* [Exercise data]:
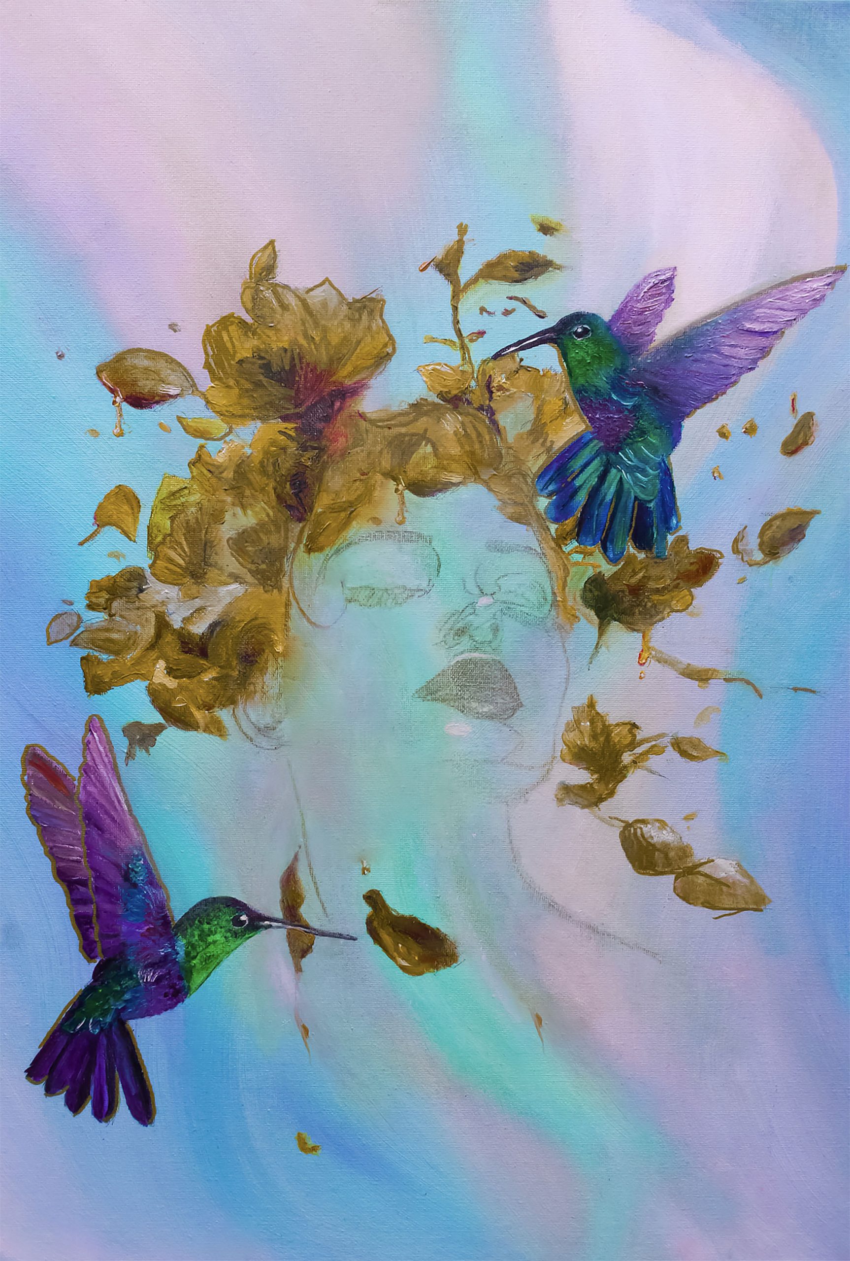 My practice blends mixed media, layered textures, and experimental mark-making to produce immersive works. Female portraits, wings, and birds are recurring motifs, symbolising freedom, resilience, and transformation—echoing both personal experience and broader feminist narratives.
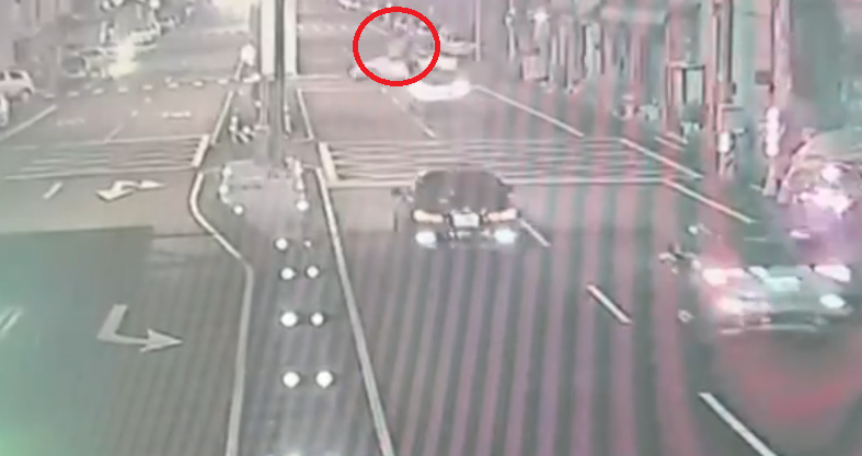 機車騎士被自小客車撞飛(紅圈處)。翻攝畫面
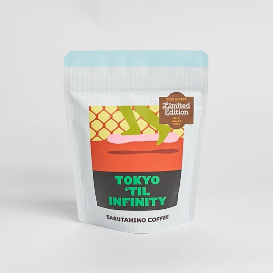 TOKYO ’til Infinity 2025 Winter Limited Editionワールドバリスタチャンピオンシップ2025での猿田彦珈琲バリスタコーチでもあるCole氏が創業しているForward Coffeeから買い付けたパナマをメインにパナマ・コロンビア・エチオピアをブレンドした、爽やかさとキャラメルのような甘さのバランスが心地よい中煎りのブレンドです。ミルクと合わせカフェラテで飲むと滑らかな質感がブルーベリーやティラミスのような風味を感じさせます。
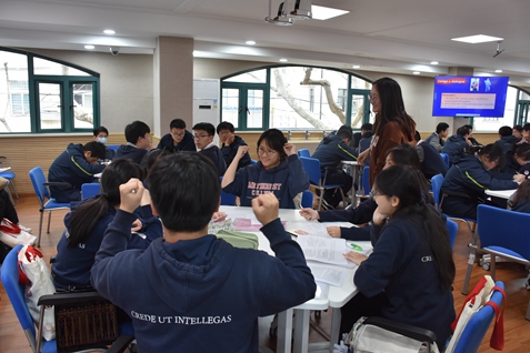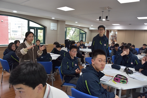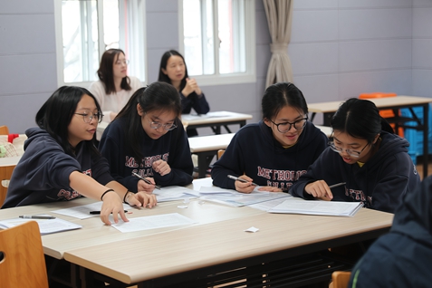 签约仪式后,香港师生走进我校课堂,全天参与了丰富多样的教育教学活动。升旗仪式上,两校师生共唱国歌,聆听了清明主题演讲与诗朗诵,于传统节日文化中感受家国情怀与民族根脉。上午,他们分别进入初中和高中不同班级,听取了语文、数学、英语、历史、道德与法治等国家课程。课堂上,两地学生一同聆听、记录,并在教师引导下开展小组讨论,围绕历史事件、社会现象、文学人物等话题各抒己见,在观点碰撞中加深理解。
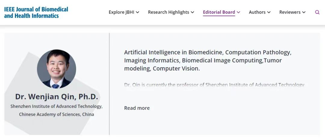 近日,中国科学院深圳先进技术研究院医工所秦文健研究员收到SCI学术期刊IEEE Journal of Biomedical and Health Informatics(J-BHI)编委正式邀请,担任该期刊副编委(Associate Editor)。

* [Instructions to follow]:
Return the material in full and unaltered, minus its pictures.

* [Task output]:
 My practice blends mixed media, layered textures, and experimental mark-making to produce immersive works. Female portraits, wings, and birds are recurring motifs, symbolising freedom, resilience, and transformation—echoing both personal experience and broader feminist narratives.
 機車騎士被自小客車撞飛(紅圈處)。翻攝畫面
 TOKYO ’til Infinity 2025 Winter Limited Editionワールドバリスタチャンピオンシップ2025での猿田彦珈琲バリスタコーチでもあるCole氏が創業しているForward Coffeeから買い付けたパナマをメインにパナマ・コロンビア・エチオピアをブレンドした、爽やかさとキャラメルのような甘さのバランスが心地よい中煎りのブレンドです。ミルクと合わせカフェラテで飲むと滑らかな質感がブルーベリーやティラミスのような風味を感じさせます。
 签约仪式后,香港师生走进我校课堂,全天参与了丰富多样的教育教学活动。升旗仪式上,两校师生共唱国歌,聆听了清明主题演讲与诗朗诵,于传统节日文化中感受家国情怀与民族根脉。上午,他们分别进入初中和高中不同班级,听取了语文、数学、英语、历史、道德与法治等国家课程。课堂上,两地学生一同聆听、记录,并在教师引导下开展小组讨论,围绕历史事件、社会现象、文学人物等话题各抒己见,在观点碰撞中加深理解。
 近日,中国科学院深圳先进技术研究院医工所秦文健研究员收到SCI学术期刊IEEE Journal of Biomedical and Health Informatics(J-BHI)编委正式邀请,担任该期刊副编委(Associate Editor)。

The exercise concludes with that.